-- Work item --
The text of every record, exactly as given and with no pictures, should be your output.

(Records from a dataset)
####

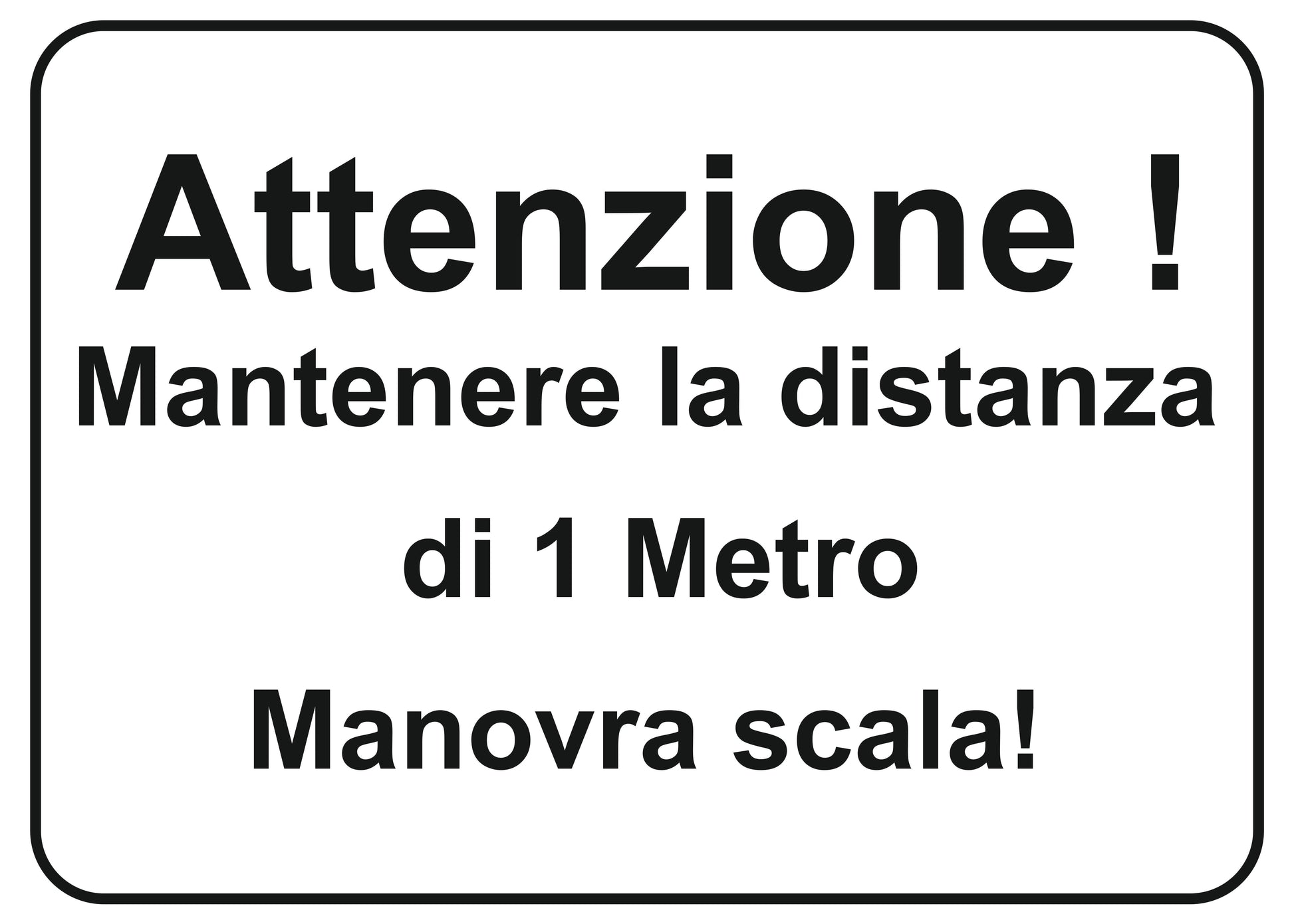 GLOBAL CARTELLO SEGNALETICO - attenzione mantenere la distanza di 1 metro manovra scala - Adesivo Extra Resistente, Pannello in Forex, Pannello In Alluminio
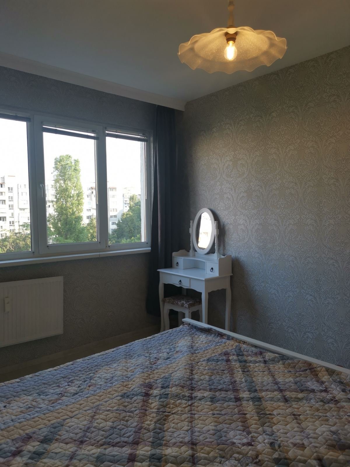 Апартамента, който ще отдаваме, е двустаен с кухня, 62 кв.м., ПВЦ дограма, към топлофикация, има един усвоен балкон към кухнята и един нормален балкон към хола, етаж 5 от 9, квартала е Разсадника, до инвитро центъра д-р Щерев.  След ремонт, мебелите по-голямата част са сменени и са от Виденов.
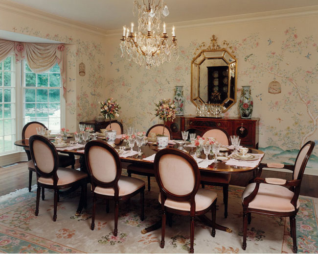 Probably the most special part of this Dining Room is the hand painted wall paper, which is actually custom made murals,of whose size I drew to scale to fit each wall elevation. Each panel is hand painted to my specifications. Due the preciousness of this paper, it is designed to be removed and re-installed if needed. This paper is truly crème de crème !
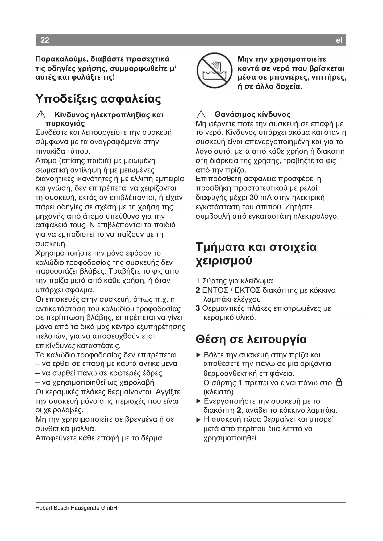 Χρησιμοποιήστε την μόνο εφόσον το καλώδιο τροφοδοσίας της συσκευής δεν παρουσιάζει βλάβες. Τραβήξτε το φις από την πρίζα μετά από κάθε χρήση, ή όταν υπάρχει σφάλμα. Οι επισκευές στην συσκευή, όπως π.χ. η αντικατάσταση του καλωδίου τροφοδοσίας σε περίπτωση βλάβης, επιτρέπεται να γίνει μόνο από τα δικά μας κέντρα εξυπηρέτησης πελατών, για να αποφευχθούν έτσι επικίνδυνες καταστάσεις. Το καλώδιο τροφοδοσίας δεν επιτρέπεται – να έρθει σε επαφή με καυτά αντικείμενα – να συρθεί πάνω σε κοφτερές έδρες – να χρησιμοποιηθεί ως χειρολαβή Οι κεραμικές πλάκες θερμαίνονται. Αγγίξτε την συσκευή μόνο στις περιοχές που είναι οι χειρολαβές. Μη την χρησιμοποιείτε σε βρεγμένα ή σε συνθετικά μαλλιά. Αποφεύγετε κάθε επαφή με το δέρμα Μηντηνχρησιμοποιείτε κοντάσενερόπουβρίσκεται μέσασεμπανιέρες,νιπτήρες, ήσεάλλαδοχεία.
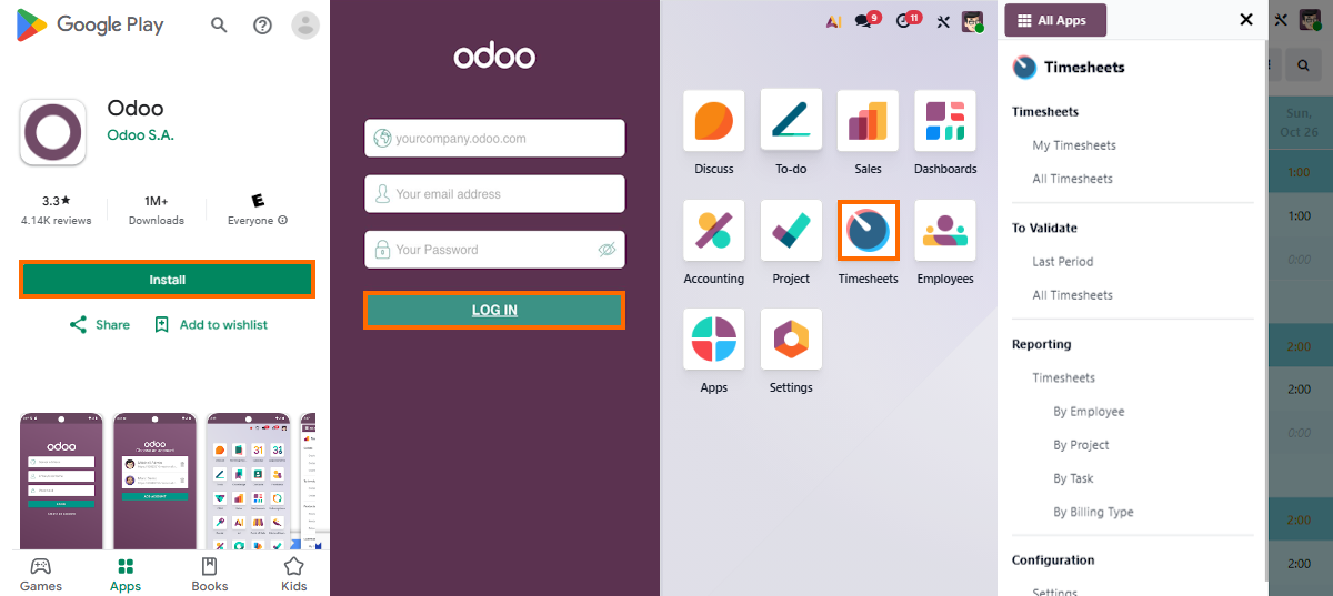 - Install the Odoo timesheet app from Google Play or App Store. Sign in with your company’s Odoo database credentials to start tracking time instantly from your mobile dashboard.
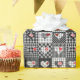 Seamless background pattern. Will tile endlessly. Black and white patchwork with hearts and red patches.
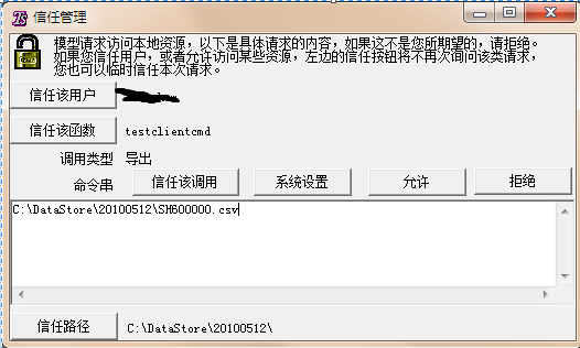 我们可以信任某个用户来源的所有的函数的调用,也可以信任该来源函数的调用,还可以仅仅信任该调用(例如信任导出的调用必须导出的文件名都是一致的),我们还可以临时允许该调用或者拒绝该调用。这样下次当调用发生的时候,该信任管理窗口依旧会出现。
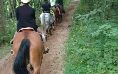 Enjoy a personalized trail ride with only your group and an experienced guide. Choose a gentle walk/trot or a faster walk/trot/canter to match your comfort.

####

-- Answer space --
 GLOBAL CARTELLO SEGNALETICO - attenzione mantenere la distanza di 1 metro manovra scala - Adesivo Extra Resistente, Pannello in Forex, Pannello In Alluminio
 Апартамента, който ще отдаваме, е двустаен с кухня, 62 кв.м., ПВЦ дограма, към топлофикация, има един усвоен балкон към кухнята и един нормален балкон към хола, етаж 5 от 9, квартала е Разсадника, до инвитро центъра д-р Щерев.  След ремонт, мебелите по-голямата част са сменени и са от Виденов.
 Probably the most special part of this Dining Room is the hand painted wall paper, which is actually custom made murals,of whose size I drew to scale to fit each wall elevation. Each panel is hand painted to my specifications. Due the preciousness of this paper, it is designed to be removed and re-installed if needed. This paper is truly crème de crème !
 Χρησιμοποιήστε την μόνο εφόσον το καλώδιο τροφοδοσίας της συσκευής δεν παρουσιάζει βλάβες. Τραβήξτε το φις από την πρίζα μετά από κάθε χρήση, ή όταν υπάρχει σφάλμα. Οι επισκευές στην συσκευή, όπως π.χ. η αντικατάσταση του καλωδίου τροφοδοσίας σε περίπτωση βλάβης, επιτρέπεται να γίνει μόνο από τα δικά μας κέντρα εξυπηρέτησης πελατών, για να αποφευχθούν έτσι επικίνδυνες καταστάσεις. Το καλώδιο τροφοδοσίας δεν επιτρέπεται – να έρθει σε επαφή με καυτά αντικείμενα – να συρθεί πάνω σε κοφτερές έδρες – να χρησιμοποιηθεί ως χειρολαβή Οι κεραμικές πλάκες θερμαίνονται. Αγγίξτε την συσκευή μόνο στις περιοχές που είναι οι χειρολαβές. Μη την χρησιμοποιείτε σε βρεγμένα ή σε συνθετικά μαλλιά. Αποφεύγετε κάθε επαφή με το δέρμα Μηντηνχρησιμοποιείτε κοντάσενερόπουβρίσκεται μέσασεμπανιέρες,νιπτήρες, ήσεάλλαδοχεία.
 - Install the Odoo timesheet app from Google Play or App Store. Sign in with your company’s Odoo database credentials to start tracking time instantly from your mobile dashboard.
 Seamless background pattern. Will tile endlessly. Black and white patchwork with hearts and red patches.
 我们可以信任某个用户来源的所有的函数的调用,也可以信任该来源函数的调用,还可以仅仅信任该调用(例如信任导出的调用必须导出的文件名都是一致的),我们还可以临时允许该调用或者拒绝该调用。这样下次当调用发生的时候,该信任管理窗口依旧会出现。
 Enjoy a personalized trail ride with only your group and an experienced guide. Choose a gentle walk/trot or a faster walk/trot/canter to match your comfort.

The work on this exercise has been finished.